The conclusion of the paper is made of several points, some of which may not be strongly supported by the previous analysis:
- “The parametric bootstrap distribution is a favorable starting point for importance sampling computation of Bayes posterior distributions.” [I am not so certain about this point given that the bootstrap is based on a pluggin estimate, hence fails to account for the variability of this estimate, and may thus induce infinite variance behaviour, as in the harmonic mean estimator of Newton and Raftery (1994). Because the tails of the importance density are those of the likelihood, the heavier tails of the posterior induced by the convolution with the prior distribution are likely to lead to this fatal misbehaviour of the importance sampling estimator.]
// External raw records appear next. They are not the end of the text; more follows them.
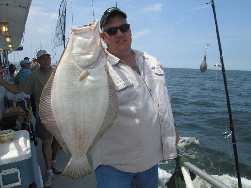 We started out with quality fluke right away with most fish 3 to 4 pounds. It lasted till the current picked up and we made a move to Ambrose. Once again we had good fishing till the current killed us. Chip Pfeiffer from Stewartsville made it two pool in a row on big baits, Check the nice size of our fluke today,
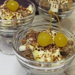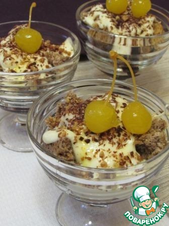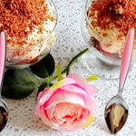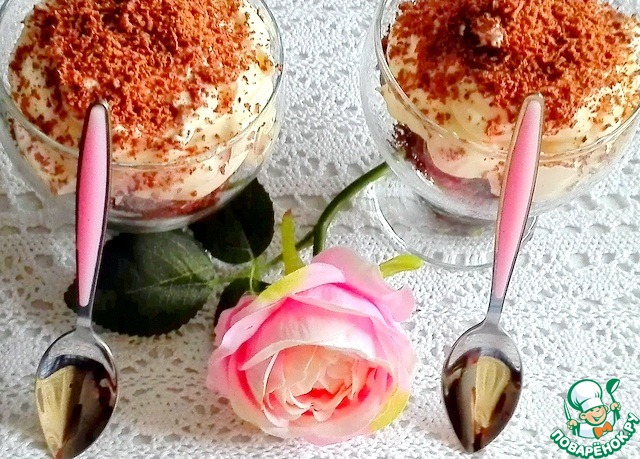 Можно пряники горкой выложить на блюдо, каждый слой заливая взбитыми сливками. Я взяла порционные креманки, наполнила их пряниками, залила взбитыми сливками, посыпала тёртым шоколадом и украсила малинкой и мятой.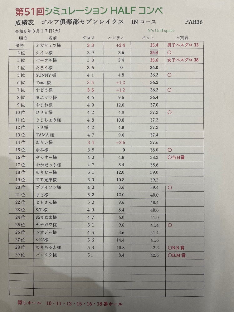 第51シミュレーションハーフコンペ成績表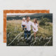 Cartão com fotos moderno de Ação de Graças que apresenta a sua foto horizontal favorita de sangramento de cheio com "Ação de Graças Feliz" em uma cobertura branca de script de caligrafia. Personalize a frente do simples cartão de Ação de Graças adicionando seus nomes ou texto personalizado. A parte traseira da placa apresenta um padrão de folhagem branco com um fundo laranja queimado ou cor da sua escolha.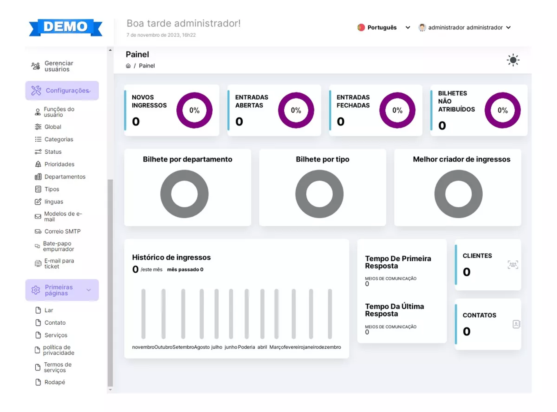 Suporte/atribuição de tickets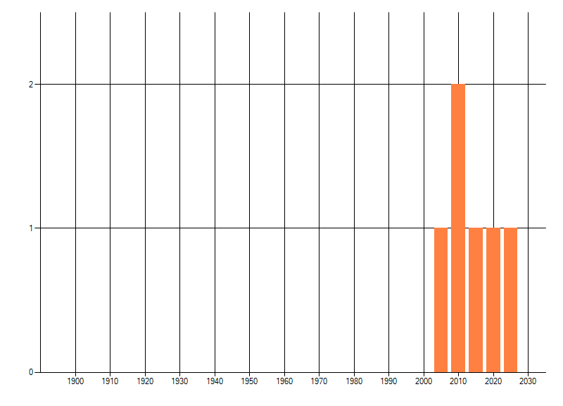 Het aantal atlasblokken (5x5 km) waarin de soort is gemeld binnen een periode van vijf jaar (vanaf 1980) of twintig jaar. Niet gecorrigeerd voor waarnemersinspanning en het aantal doorgegeven waarnemingen kan sterk variëren per periode, dus een trend in verspreiding kan hier niet direct uit worden afgelezen. Het opgegeven jaartal is het eerste jaar van de periode. Bron: gevalideerde waarnemingen uit de NDFF.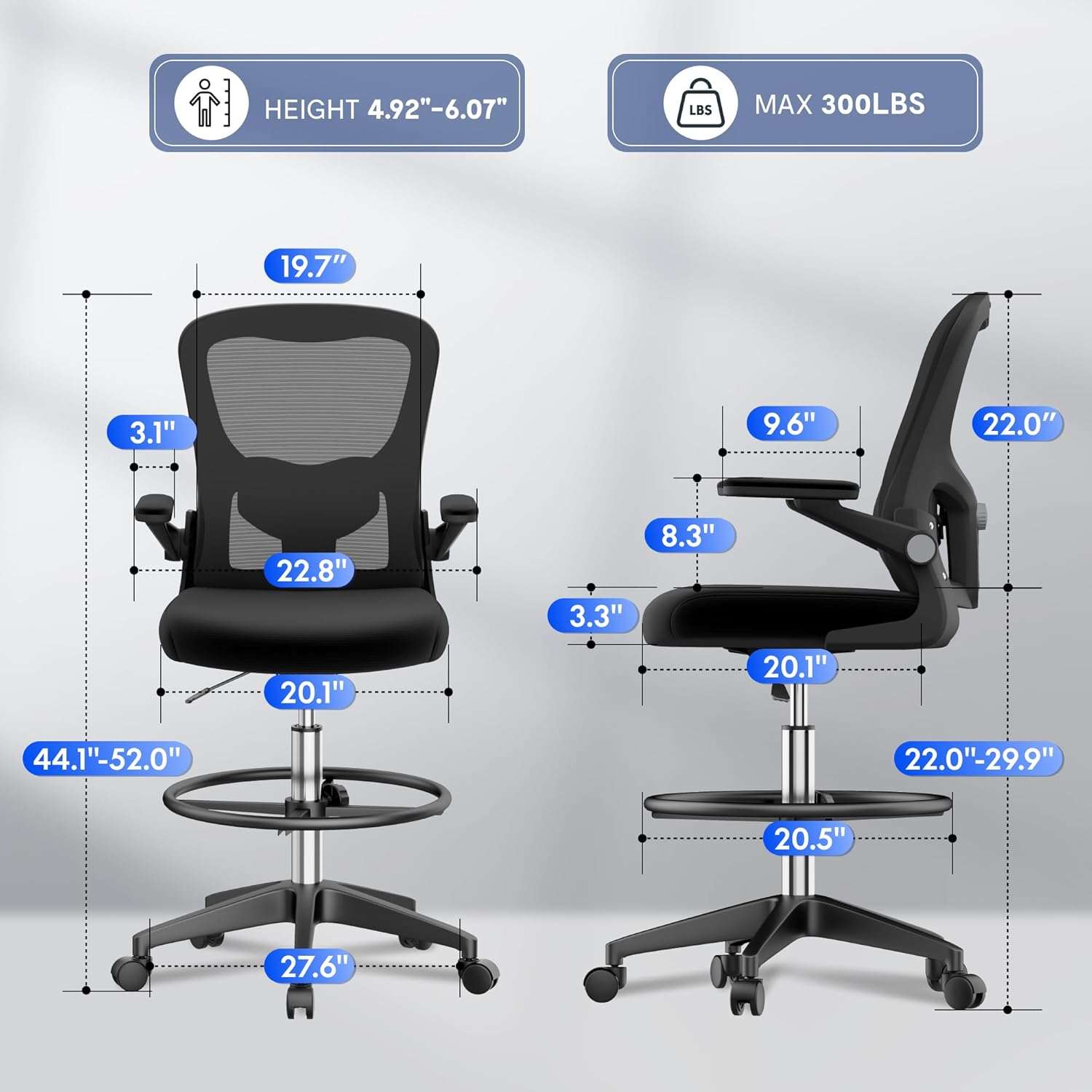 Store New Arrivals Add to Favorite View Feedback Contact FLEXISPOT Upgraded Drafting Chair Tall Office Chair with 2D Lumbar,3D Flip-Up Armrest,Standing Desk Chair with Breathable Mesh Adjustable Foot Ring Stool BIFMA Certified for Home Office,Black Description Item model number TC1-NEW Style TC1-4 Pattern Solid Seat Height 29.9 Inches Theme Top 1 Drafting Chair Seat Back Interior Height 22 Inches Unit Count 1.0 Count Room Type Drawing Room, Living Room, Kitchen Bar, Office, Office Reception, Music Room Is Customizable Yes Brand FLEXISPOT Tilting No Seat Length 20.1 Inches Maximum Weight Recommendation 300 Pounds Age Range (Description) Adult & Child Arm Style 3D Flip-up Arms Leg Style Five-star leg Finish Type Brushed,Polished Model Name FLEXISPOT drafting chair Included Components Arm Pad, Caster, Cushion, Assembly Guide & Tools Frame Material Metal,Nylon Seat Material Type Memory Foam Indoor/Outdoor Usage Indoor Chair Backrest Width 20 Inches Back Style Solid Back Item Weight 27 pounds Fill Material Foam Surface Recommendation Hard Floor Special Feature Adjustable Height, Adjustable Lumbar, Arm Rest, Cushion Availability, Ergonomic, Foot Rest, Lightweight, Rolling, Tilt Tension Material Nylon & Alloy Metal & Memory Foam Item Weight 27 Pounds Assembly Instructions Description The chair requires assembly. Please follow the assembly guide and use the provided tools to set up the chair. Furniture base movement Swivel Reclining Position Count 1 Color Black Form Factor Standing Desk Chair Furniture Finish White Frame & Grey Mesh Shape L-Shape Recommended Uses For Product Drafting, Gaming, Office, Reading, Relaxing Manufacturer Flexispot Product Dimensions 27.6"D x 27.6"W x 52"H Seat Depth 20.1 inches Size Max Height Standing Desk Chair with Footrest Ring: This drafting chair is versatile, designed not only for standing desks but also ideal for creative spaces like art studios or design offices. It suits artists, designers, and architects who need adjustable height for drawing tables. The footrest ring ensures comfort during extended work sessions. Additionally, it fits well in labs, workshops, or homes with high kitchen counters, making it a practical choice for anyone needing flexibility in seating Adjustable Drafting Chair: With multiple adjustable parts, this chair can be tailored to your height, footrest ring, and lumbar support preferences. It’s ideal for various heights and desk setups, offering flexibility whether you work at a standing or traditional desk Ergonomic Office Chair: This chair’s ergonomic design includes a 2D lumbar support for customizable lower back comfort, 3D flip-up armrests that can be adjusted or moved out of the way, and an adjustable footrest ring to support different seating positions. Additionally, the flip-up armrests allow the chair to slide easily under the desk, saving space when not in use. These features ensure a comfortable and healthy posture, perfect for long hours of work Comfortable Computer Chair: The thick cushion and breathable mesh backrest ensure long-lasting comfort, reducing discomfort from prolonged sitting. The adjustable footrest provides added leg relaxation, significantly enhancing the overall experience After-sales Service: We offer worry-free after-sales service, including a warranty of up to 3 years and 24/7 customer support, ensuring peace of mind after your purchase Product description FUNCTIONAL CHAIR 1 2D Lumbar Support 2 3D Armrests 3 Adjustable Foot Ring 1 Breathable mesh 2 Comfortable seat 3 Quality material ABOUT US We offer the best prices around on high quality products. Our E-store includes media such as books, movies, music and games while offering electronics, toys, sporting apparel, clothing, tools, general home, garden items and more. SHIPPING We are always working hard to ensure your package arrives as soon as possible. Please understand that some factors like weather, high postal traffic, and the performance of shipping companies are outside of our control. For shipping outside of the continental USA, we only use eBay's Global Shipping Program.The item is shipped to KY and then sent to the rest of the world. International customers are responsible for all duties and taxes. Continue to check out in order to calculate costs for shipping the item to your country. Messages regarding eBay's Global Shipping Program MUST be directed at eBay EXCLUSIVELY. RETURNS We offer a 30-Day Return Policy on items which you are not completely satisfied with. You have the option for a full-refund or an exchange of the item. No returns are available on items shipped outside of the USA. PAYMENT We accept PayPal. CONTACT US This page content is yet to come Please ad us to your favorite seller and visit again later Thank You CUSTOMER SATISFACTION We try our very best to make sure every customer is completely satisfied. If there's a problem, message us! We're happy to help. WE ACCEPT Copyright © 2021 AutoDS. | All Rights Reserved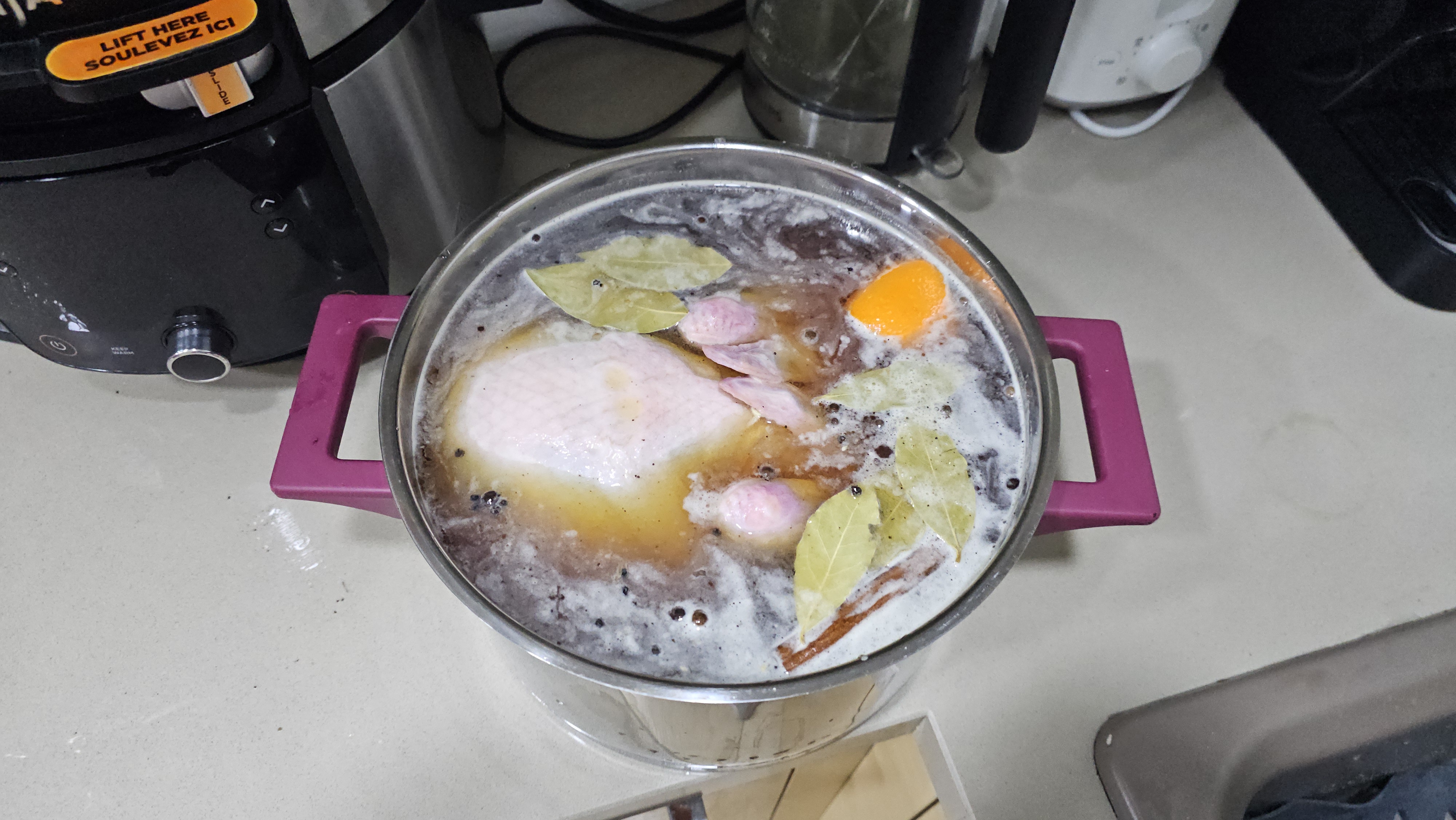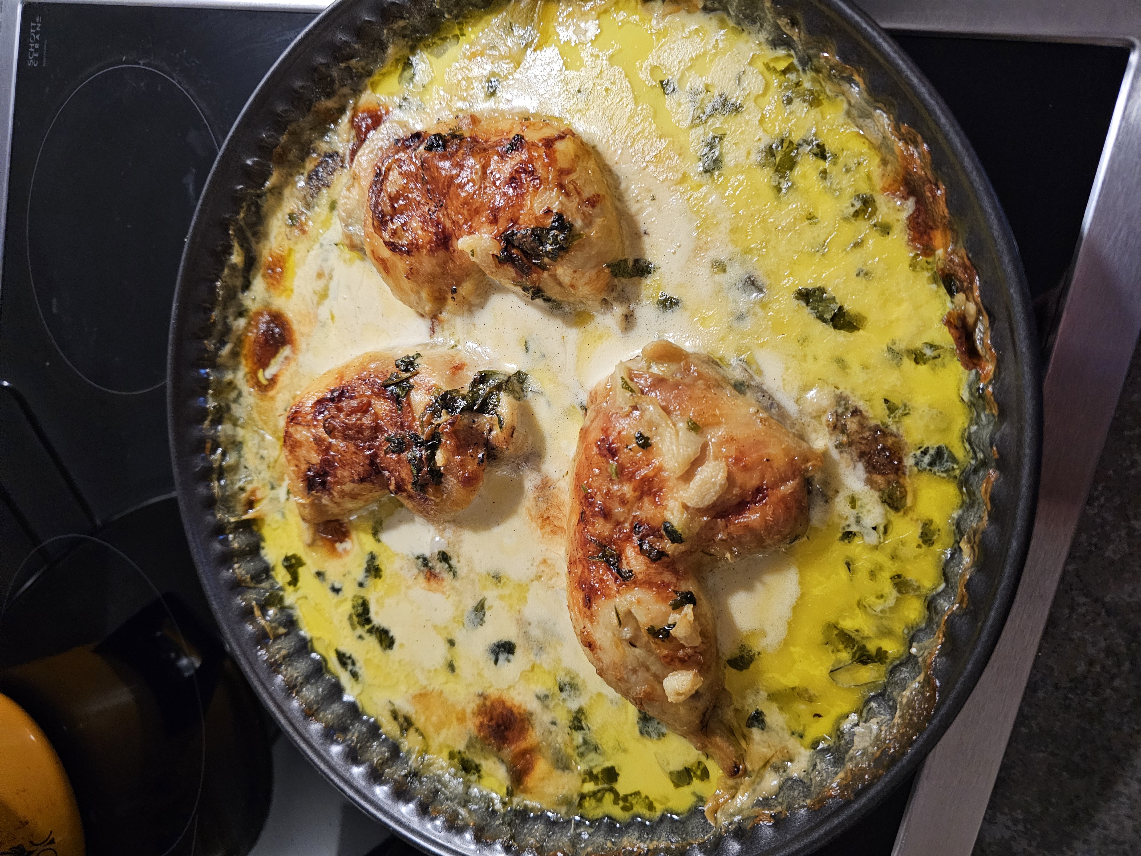 Как приготовилась, достать, накрыть фольгой и дать постоять минут 10. После этого ножки и крылья отрезаются и отправляются в Ninja доготавливаться под давлением пара на 15-20 минут (когда грудка доходит до нужной кондиции, ноги еще жестковатые).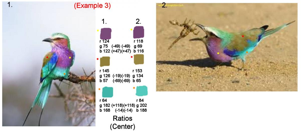 In these pictures I have matched the exact same color to both subjects, from the same species, two different times.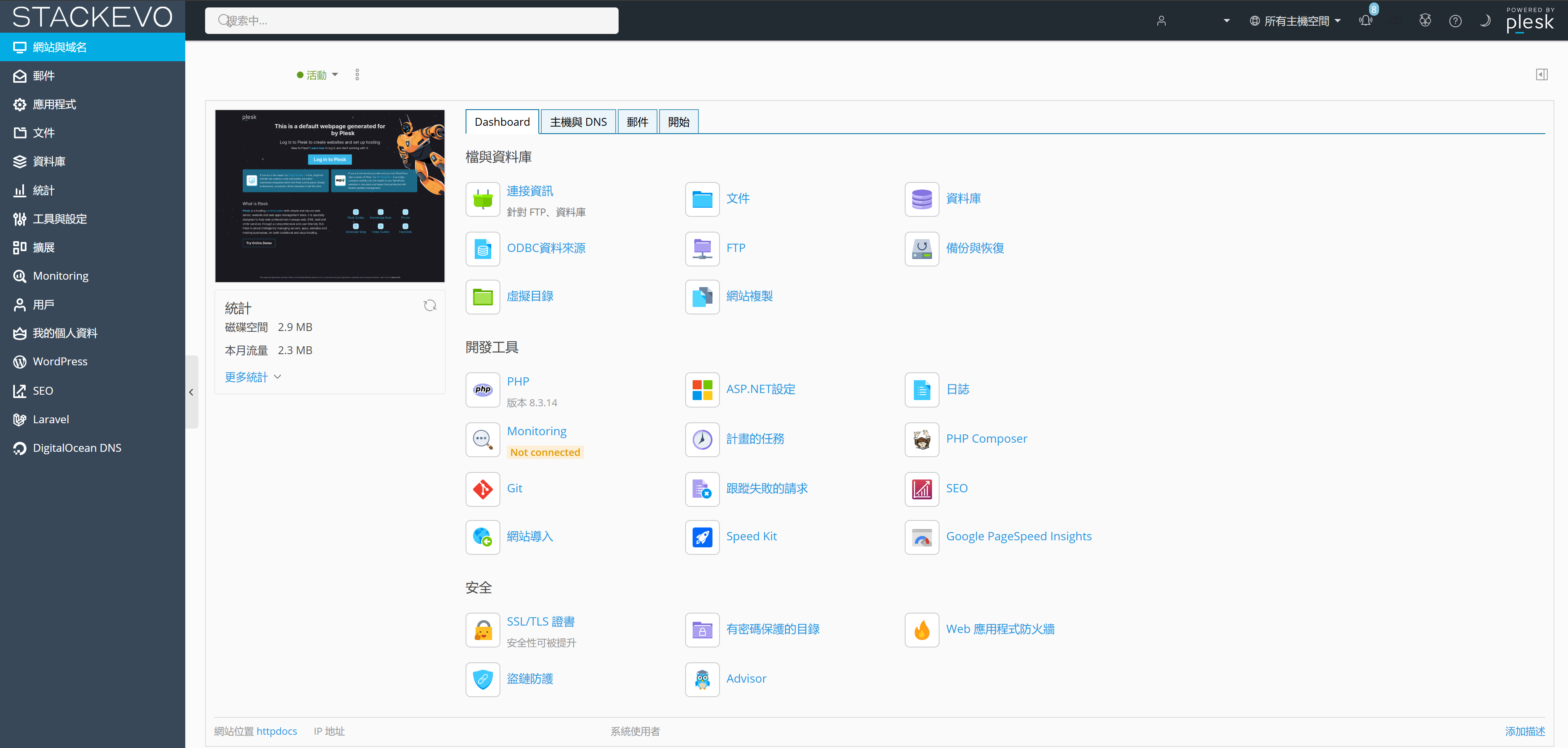 (基於 Linux 系統之服務方案適用 cPanel 管理介面,基於 Windows Server 系統之服務方案則適用 Plesk 管理介面)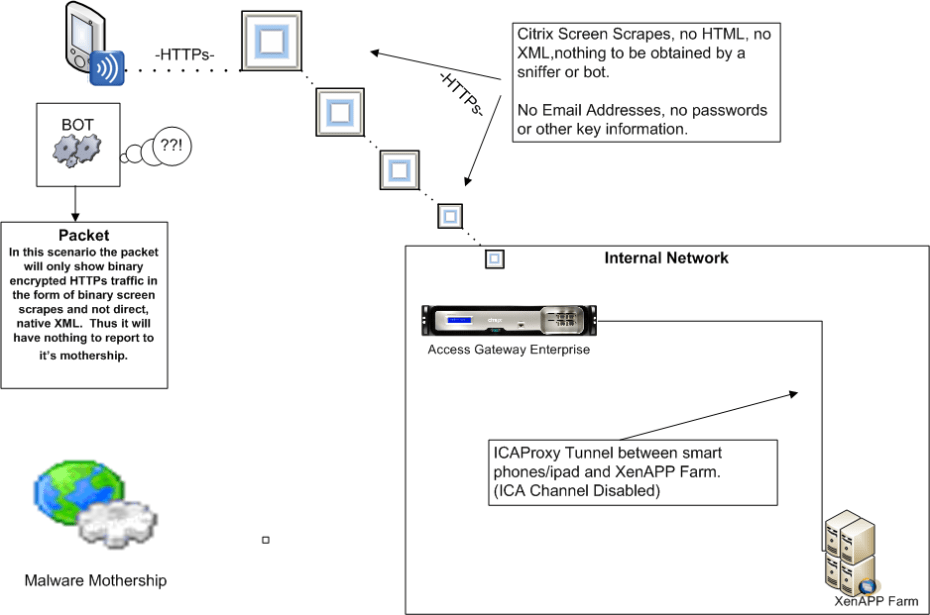 While I expect a lot of INFOSEC and IT Departments are going to say “No” when it comes to permitting the use of smart phones. I believe through thin computing via Citrix receiver and XenAPP or XenDesktop you can easily deliver safe and secure enterprise applications that will not run on the smart phone at all but rather on a locked down XenAPP Server or XenDesktop environment that only sends screen refreshes instead of full session traffic that can be sniffed or interpreted by a bot or malware.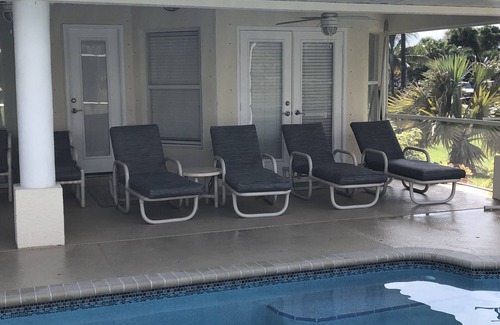The large screened-in Lanai also has 3 ceiling fans to keep a breeze, an electric-heated saltwater pool, a jet spa (heated marginally above pool temperature), and a cushioned dining set for 10 in addition to 4 pool loungers. The lanai has numerous spots to relax in the sun or shade during the day. There are clear views of the golf course and the stars at night. You can also see NASA launching space rockets from the lanai at night if your timing aligns!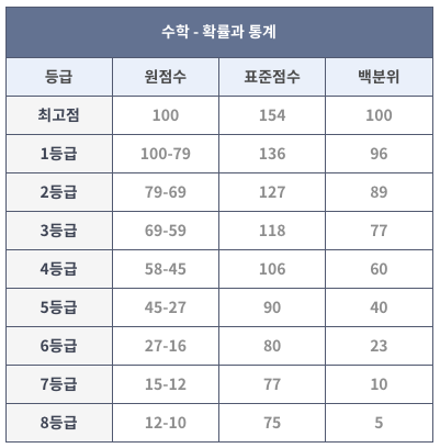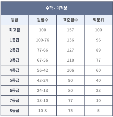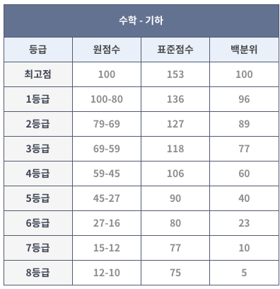 따라서 시험 이후 성적표에서 등급만 확인하지 말고 영역별 백분위를 확인해서 지원 가능한 대학을 따져봐야 합니다.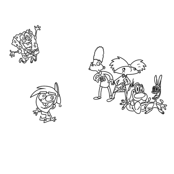 SpongeBob SquarePants (Spongebob) Ren & Stimpy (Stimpy & Ren) Hey Arnold! - (Arnold & Gerald) The Angry Beavers (Norbert & Daggett) Danny Phantom (Danny) RugRats (Tommy, Chuckie) RocKo's Modern Life (Rocko) Fairly Odd Parents (Timmy,Cozmo,Wanda) The Mighty B! (Bessie) AhhHh! Real Monsters (Ickis)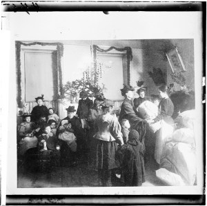 This picture shows teachers and students gathered around a Christmas tree in a tenement house run by a chapter of the International Order of The King’s Daughters and Sons. Margaret Bottome founded this charitable organization in her New York City home in 1886. The photo was taken around 1897.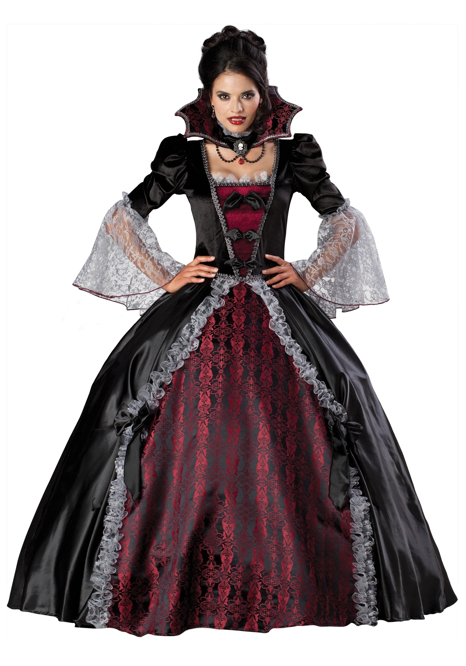 Offer your willing (and fearful) subjects a visage of your glory in this Versailles Vampiress costume. Don the dark gown complete with luxurious black satin bows that run down the front and a black lace petticoat, bowed out as per your elegant style, yet still simple to slip into. Show off the elegant sleeves that hold their place flawlessly thanks to comfortable elastic bands. Complete the look with the subtle reminder of your dark power in the form of a skull cameo choker and of course, some freshly sharpened fangs. Oh, Noble Majesty, have mercy on we simple plebeians!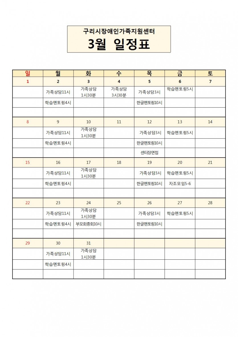 구리시장애인가족지원센터 3월 일정표 공지 페이지 정보 작성자 관리자 댓글 0건 조회 9,717회 작성일 20-02-27 00:18 목록 본문 페이스북 공유 트위터 공유 구글+ 공유 이전글2020년 구리시장애인가족지원센터 사업계획 안내 20.02.27 다음글2020년 구리시장애인가족지원센터 센터장 모집공고 20.02.25 댓글 0 댓글목록 등록된 댓글이 없습니다.

- “This computation is implemented by reweighting the bootstrap replications rather than by drawing observations directly from the posterior distribution as with MCMC.” [Computing the importance ratio requires the availability both of the likelihood function and of the likelihood estimator, which means a setting where Bayesian computations are not particularly hindered and do not necessarily call for advanced MCMC schemes.]
- “The necessary weights are easily computed in exponential families for any prior, but are particularly simple starting from Jeffreys invariant prior, in which case they depend only on the deviance difference.” [Always from a computational perspective, the ease of computing the importance weights is mirrored by the ease in handling the posterior distributions.]
- “The deviance difference depends asymptotically on the skewness of the family, having a cubic normal form.” [No relevant comment.]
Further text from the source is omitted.